▶ _DATA EXCERPT_
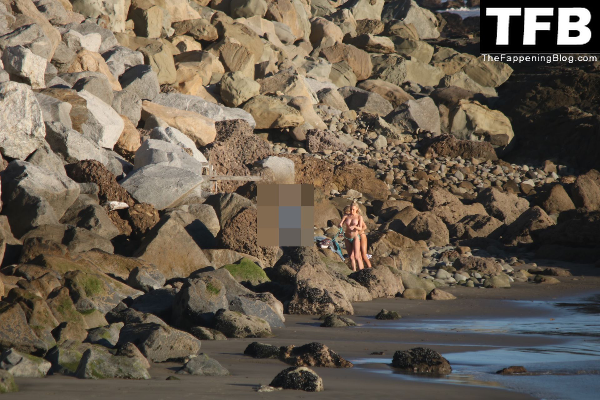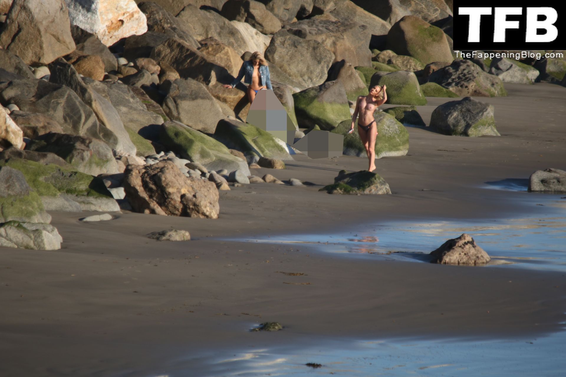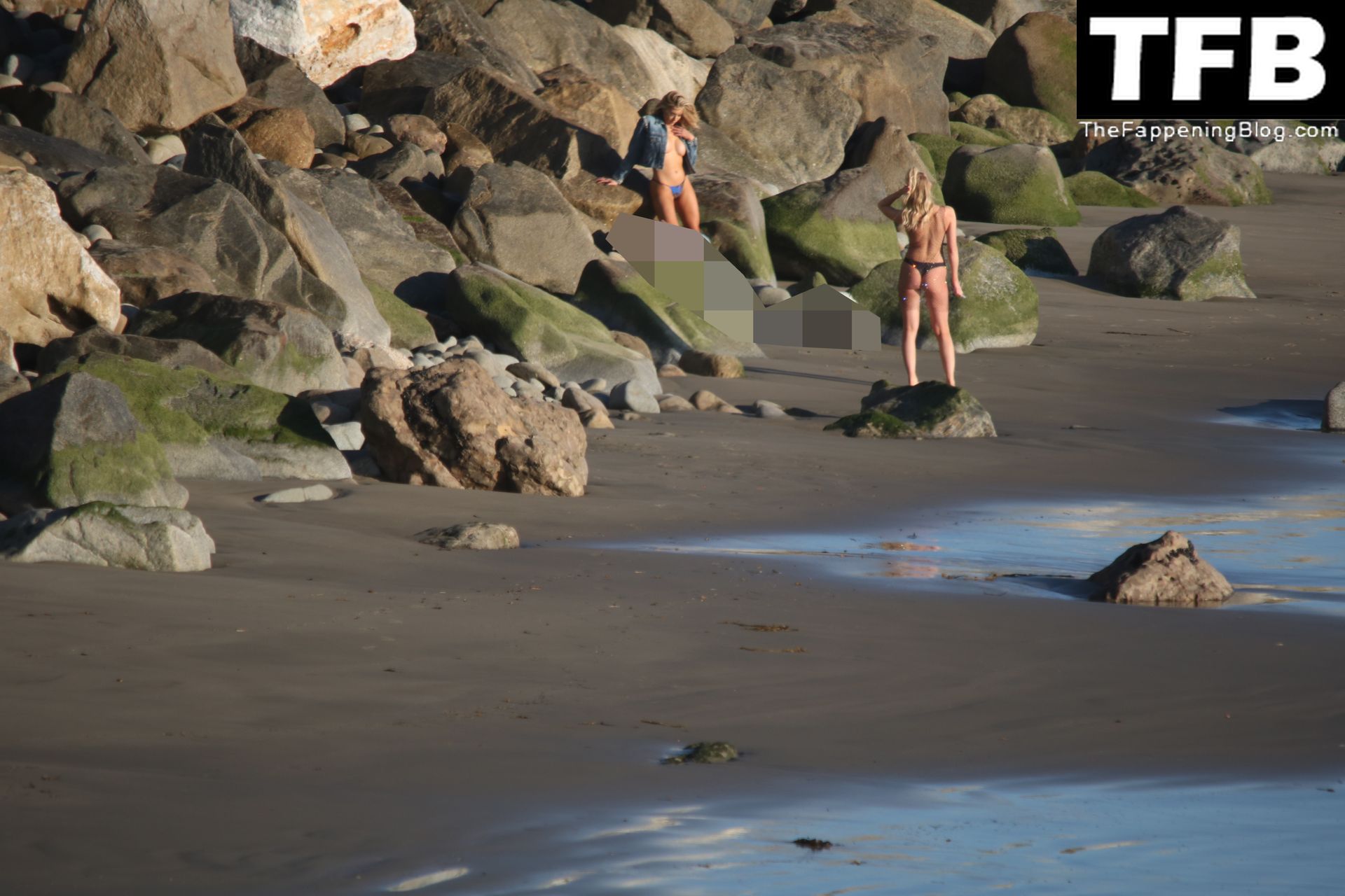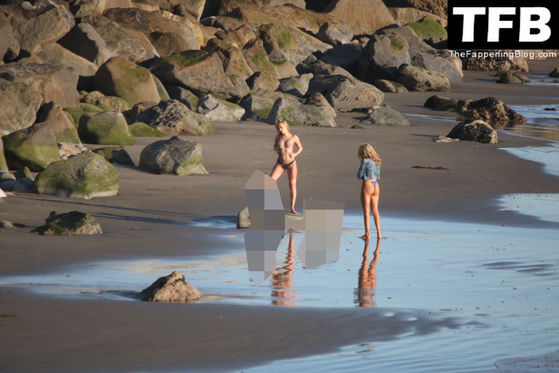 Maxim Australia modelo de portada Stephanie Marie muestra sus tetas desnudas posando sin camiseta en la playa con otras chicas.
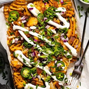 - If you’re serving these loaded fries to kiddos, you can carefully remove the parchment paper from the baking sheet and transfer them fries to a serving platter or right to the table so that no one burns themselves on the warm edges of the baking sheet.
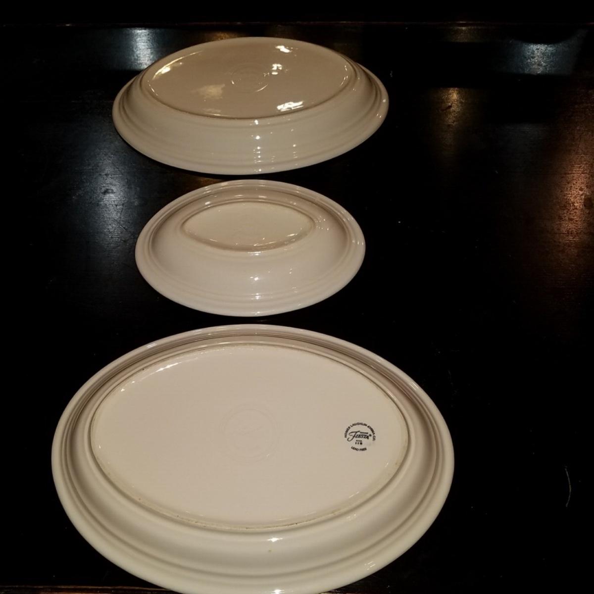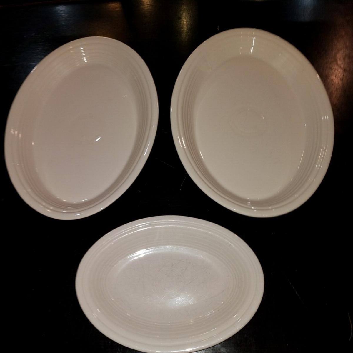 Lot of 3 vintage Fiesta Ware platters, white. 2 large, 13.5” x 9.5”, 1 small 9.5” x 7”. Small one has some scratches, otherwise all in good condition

▶ _DESCRIPTION OF THE TASK_
Before handing back the copy, remove the pictures; otherwise print the data exactly.

▶ _RESULT FOR THIS TASK_
 Maxim Australia modelo de portada Stephanie Marie muestra sus tetas desnudas posando sin camiseta en la playa con otras chicas.
 - If you’re serving these loaded fries to kiddos, you can carefully remove the parchment paper from the baking sheet and transfer them fries to a serving platter or right to the table so that no one burns themselves on the warm edges of the baking sheet.
 Lot of 3 vintage Fiesta Ware platters, white. 2 large, 13.5” x 9.5”, 1 small 9.5” x 7”. Small one has some scratches, otherwise all in good condition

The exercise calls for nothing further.